(WHAT THIS TASK INVOLVES) All lines from the one that has "比赛中huNter又又又又T" onward to the end of the records below are to be returned exactly; pictures are to be skipped.

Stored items
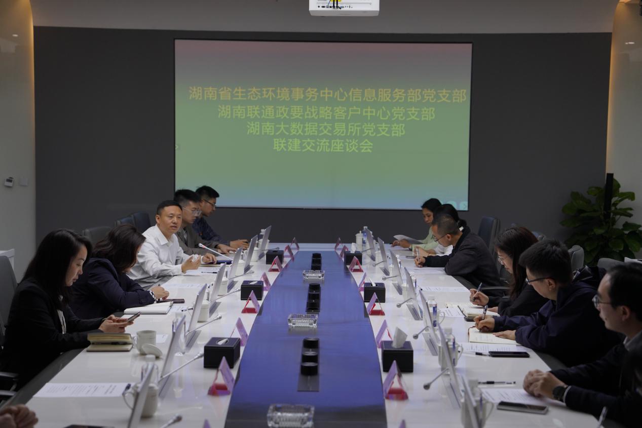 活動中,湖南大數據交易所率先介紹了近年來數據交易取得的顯著成果,分享了多個數據交易領域典型成功案例及經驗做法。隨后,湖南聯通數據領域專家交流分享了相關的寶貴經驗并表示可以為生態環境數據相關工作提供全方位技術支撐,助力生態環境數據處理、分析與應用。信息服務部黨支部書記蘇維結合支部品牌“E路心向黨 E路慧三湘”介紹了支部黨建引領業務的情況,表示三方各有所長,可以優勢互補,加強交流合作。
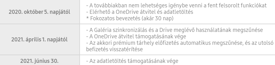 „2021. június 30. napjától kezdve, a Galéria szinkronizálás és a Drive tárhely a Saját fájlokhoz már nem kap Samsung Cloud támogatást, és az Ön adatai törlésre kerülnek, az alábbiakban ismertettek szerint. Emellett, ha prémium tárhely előfizetési programja van, ez is automatikusan törlésre kerül 2021-04-01 napjától, és a díjat visszatéríthetjük Önnek.
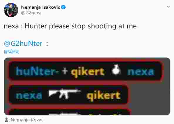 比赛中huNter又又又又TK了nexa,赛后nexa也是在推特上调侃:“当我跟huNter说不要再向我开火了,而他......”
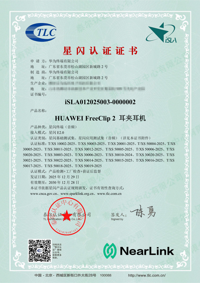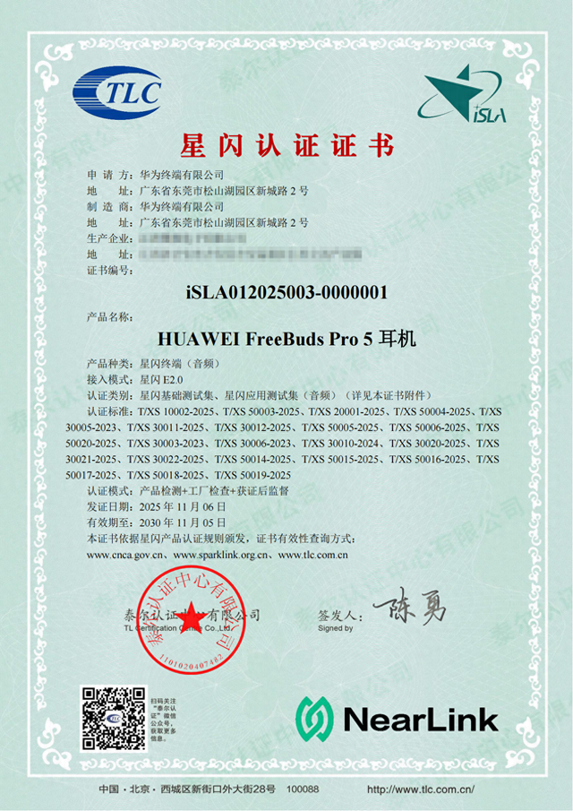 业内首批,华为FreeBuds Pro 5、FreeClip 2耳机获星闪认证证书
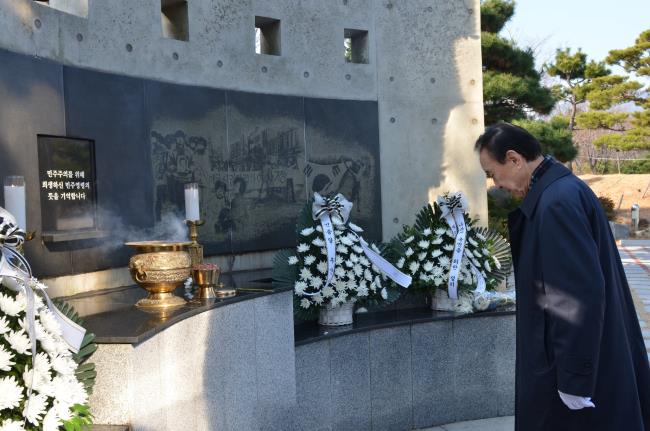 (사)부산민주항쟁기념사업회 임직원은 2020년 경자년을 시작하며 1월 2일 민주공원 넋기림마당(추념의 장)에서 참배를 하고 시무식을 가졌습니다. 문정수 (사)부산민주항쟁기념사업회 이사장, 김종기 (사)부산민주항쟁기념사업회 상임이사 겸 민주공원 관장 등 모든 임직원이 민주영령의 뜻을 기리며 헌화와 참배를 했습니다.

(RESULT OF THIS TASK)
 比赛中huNter又又又又TK了nexa,赛后nexa也是在推特上调侃:“当我跟huNter说不要再向我开火了,而他......”
 业内首批,华为FreeBuds Pro 5、FreeClip 2耳机获星闪认证证书
 (사)부산민주항쟁기념사업회 임직원은 2020년 경자년을 시작하며 1월 2일 민주공원 넋기림마당(추념의 장)에서 참배를 하고 시무식을 가졌습니다. 문정수 (사)부산민주항쟁기념사업회 이사장, 김종기 (사)부산민주항쟁기념사업회 상임이사 겸 민주공원 관장 등 모든 임직원이 민주영령의 뜻을 기리며 헌화와 참배를 했습니다.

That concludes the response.